— Но, по-моему, он сам в целом представляет собой символ: ведь это окамененный образ Ветхого Завета, изображающий сокрушение и страх.
— И не только: еще и мир душевный, — заметил аббат. — Уверяю вас, чтобы правильно понять этот стиль, надобно взойти к его истокам, к первым временам монашества: он их совершенное выражение, а стало быть, перенестись мысленно к Отцам Церкви, к инокам-пустынножителям.
Каков же совершенно особый характер этой восточной мистики? Спокойствие в вере, любовь, пламенеющая сама собой, боголюбие без блеска, горячее, но внутреннее.
Ведь вы не найдете в книгах египетских отшельников бурного пыла Маддалены Пацци и Екатерины Сиенской{30}, нет там и страстных возгласов святой Анджелы. Ничего подобного: никаких любовных восклицаний, никакого трепета, никаких жалоб. Они видят в Спасителе не оплакиваемую жертву, а посредника, друга, старшего брата. Для них он прежде всего, по слову Оригена, «мост, переброшенный от нас к Отцу».
Когда эти тенденции перенеслись из Африки в Европу, они сохранились; первые западные монахи следовали примеру своих предшественников и по их подобию приспосабливали или возводили церкви.
Много, много покаяния, сокрушения, страха под этими темными сводами, под тяжелыми столпами, в этой крепости, где избранный затворяется, чтобы сопротивляться осаде мира, все это несомненно — но кроме того романская мистика внушает нам и мысль о вере твердой, о терпении мужеском, о благочестии крепком, как ее стены.
Конечно, нет в ней пламенных экстазов мистики готической, находящей выражение во всевозможных каменных изысках; но зато романский стиль живет сосредоточенный в себе, в усердии собранном, зреющем в самой глубине души. Он выражен во фразе святого Исаака: In mansuetudine et in tranquillitate, simplifica animam tuam[34].
— Признайтесь, господин аббат, у вас к этому стилю слабость.
— Может быть; в том отношении, что он менее беспокоен, более смиренен, менее женствен и более сообразен монашеству, нежели готика.
В общем, — произнес священник, подойдя к двери своего дома и пожимая руку Дюрталю, — в общем, это символ духовности, образ иноческого жития; словом, это настоящая монастырская архитектура.

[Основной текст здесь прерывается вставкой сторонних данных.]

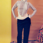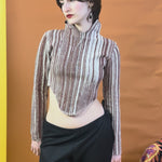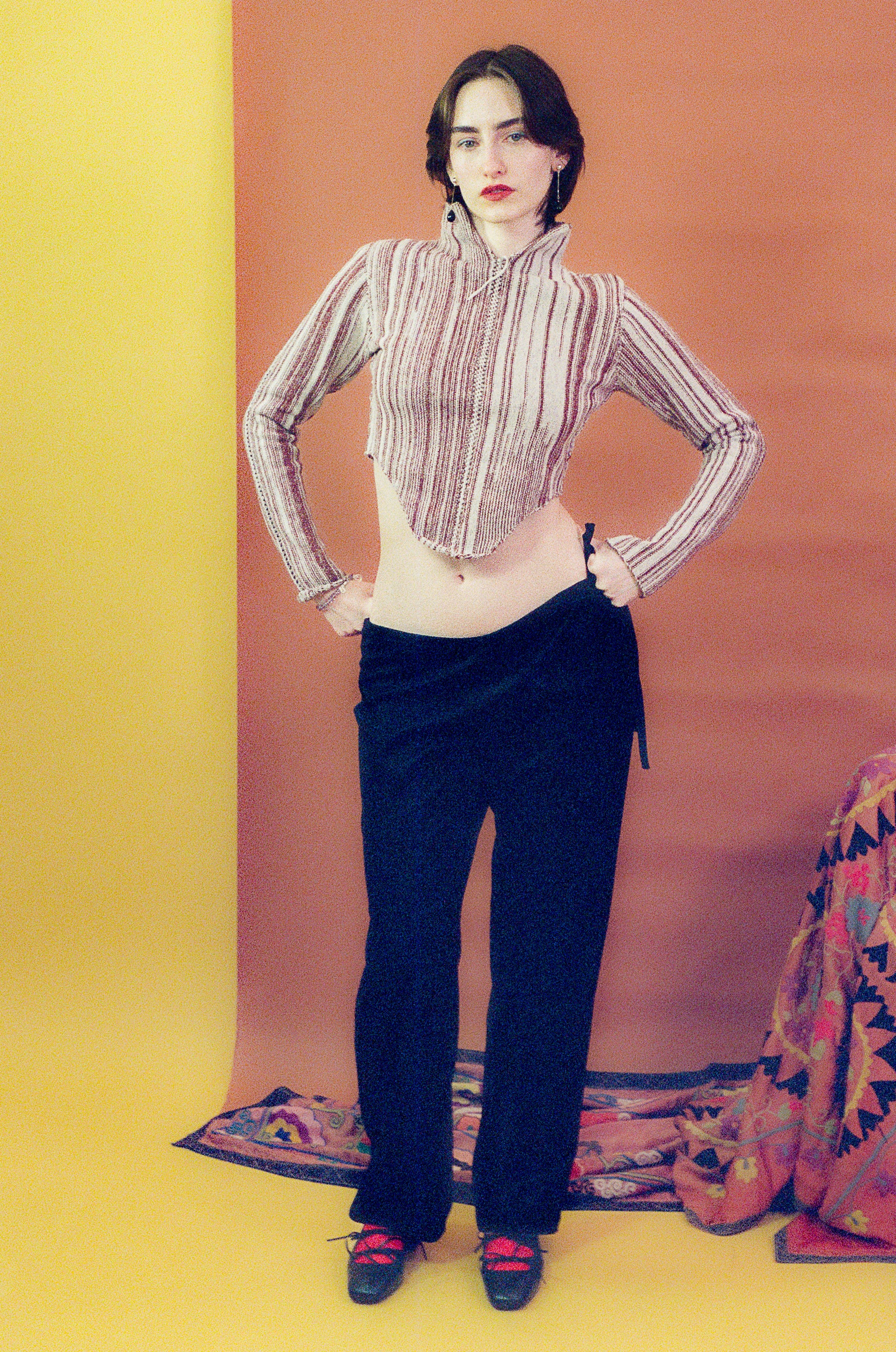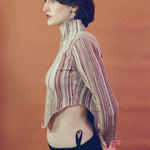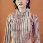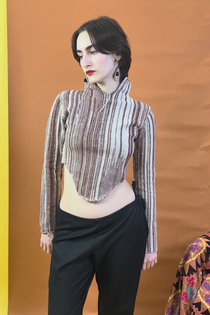 Long sleeve lambswool sweater in burgundy and cream, with embroidered braid details along the center seams on the front, back, and sleeves of the top. Subtle mock neck with a center slit for comfort, and a corset shaped bottom hem hugging your waist while showing off your hips. Since the fabric is loosely knitted and hand stitched together, please be careful to not snag or fray when wearing.
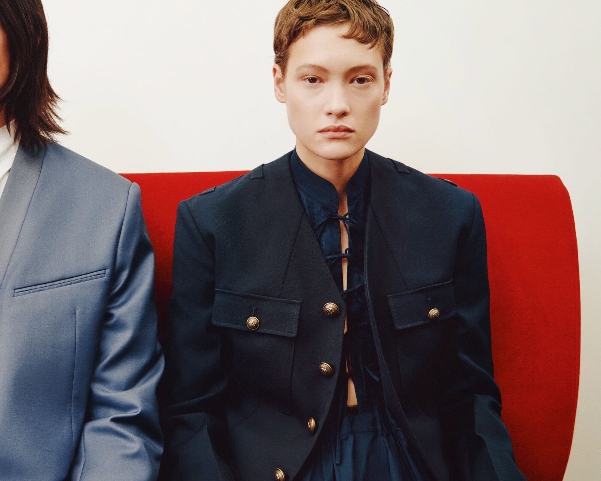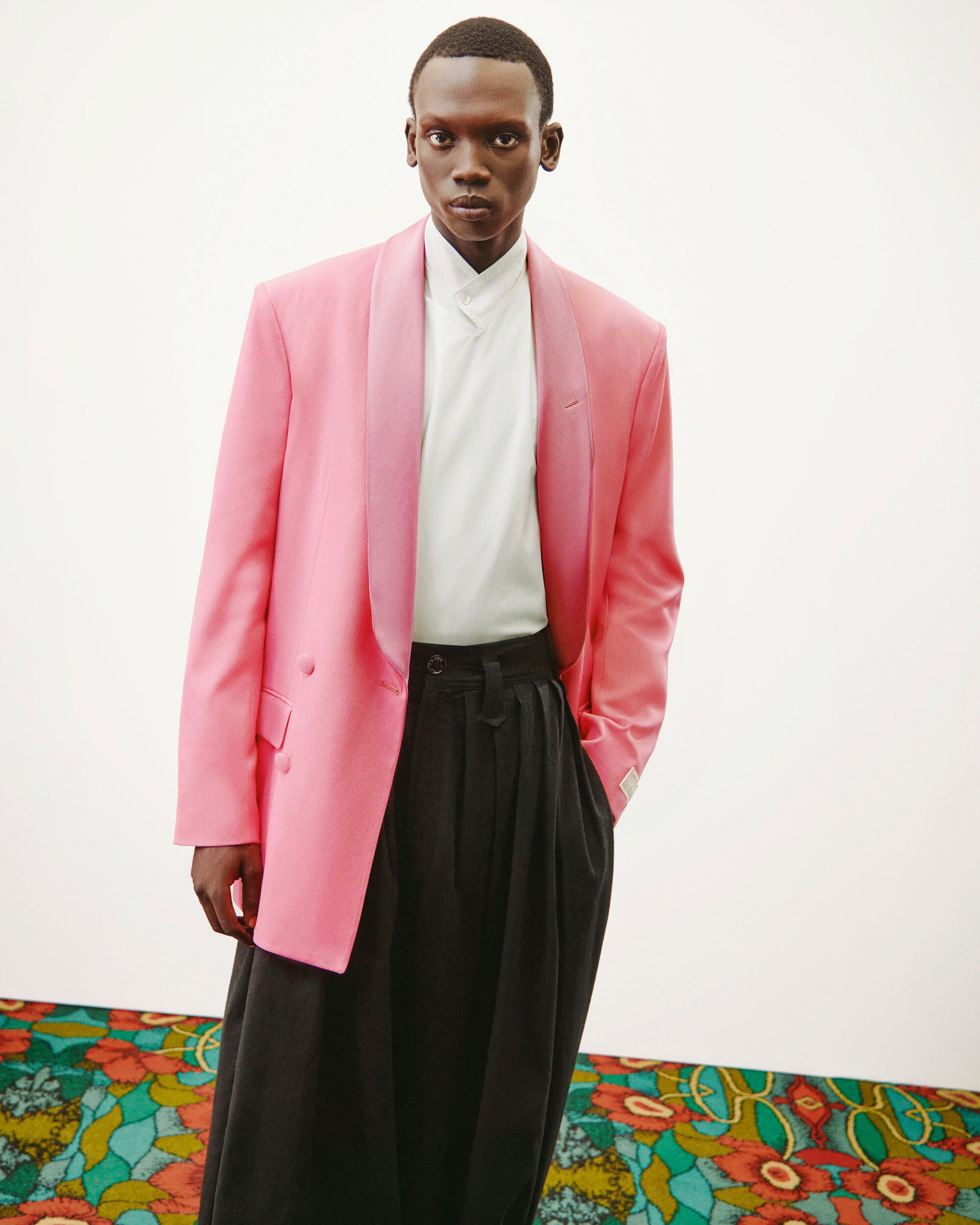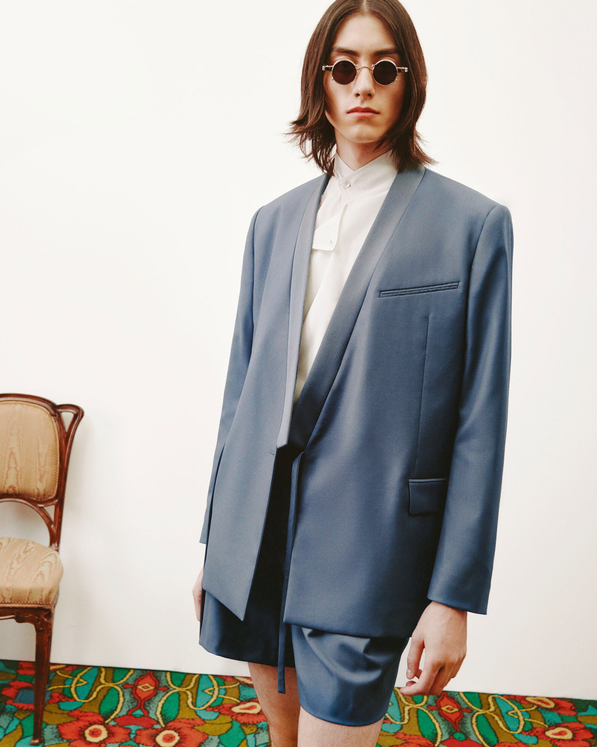 Brun’s imagery leans into clarity and composition, reducing gesture to simple, deliberate poses and emphasizing the gravity of tailoring against the pale plane of the inserted white wall. The stillness heightens the anticipation. Opulence lingers in the periphery — mirrors, ornament, history — but the clothes occupy the foreground with confident restraint. In this setting, Nigo’s reinterpretation of Kenzo Takada’s kimono-inflected tailoring reads as both homage and evolution, especially in the satin and velvet shawl lapels that glide across menswear and womenswear silhouettes. The mood is disciplined, cinematic, almost studio-like, yet the undercurrent of nightlife remains — the sense that the city is waiting just beyond the frame.

Правда, подумал Дюрталь, в том лишь случае, когда храм не подобен собору Божьей Матери в Пуатье, где весь интерьер размалеван детскими картинками с грубыми тонами: ведь тогда создается впечатление не отречения, не покоя, а ребяческой веселости старого дикаря, впавшего в детство, который смеется оттого, что его татуировки раскрасили, да и всю кожу разрисовали в яркие цвета.
VII
— А сколько собор может вместить молящихся?
— Около восемнадцати тысяч, — ответил аббат Плом. — Но вы и без особых рассуждений поймете, что он никогда не бывает полон и даже во время паломничеств его не наполняют те бесчисленные толпы, что были в Средние века. О, Шартр, мягко говоря, отнюдь не благочестивый город!
— Если он и не враждебен религии, то уж точно равнодушен, — вставил аббат Жеврезен.
— Житель Шартра алчен, апатичен и похотлив, — сказал в ответ аббат Плом. — Прежде всего алчен: ведь страсть к наживе, скрытая маской бездеятельности, здесь ужасна. Честное слово, я по собственному опыту жалею каждого молодого священника, которого при начале служения посылают просвещать Бос.
Он приезжает с горячим желанием самоотверженной деятельности, полон иллюзий, мечтает об апостольских победах, а ему приходится утопать в тишине и пустоте. Хоть бы его гнали, он бы чувствовал, что живет; а его встречают не руганью, но улыбкой, что гораздо хуже; и вдруг он отдает себе отчет, что все дела его бессмысленны, усилия ничтожны, и приходит в отчаянье!
Священство здесь, можно сказать, отборное, составлено из святых людей, но почти все они прозябают, поглощенные бездействием: не читают, не трудятся, костенеют и умирают от скуки в этой провинции.
— Только не вы! — засмеялся Дюрталь. — У вас ведь работы хватает: не вы ли мне рассказывали, что особо ухаживаете за душами прекрасных дам этого города, еще снисходящих до интереса к Иисусу Христу?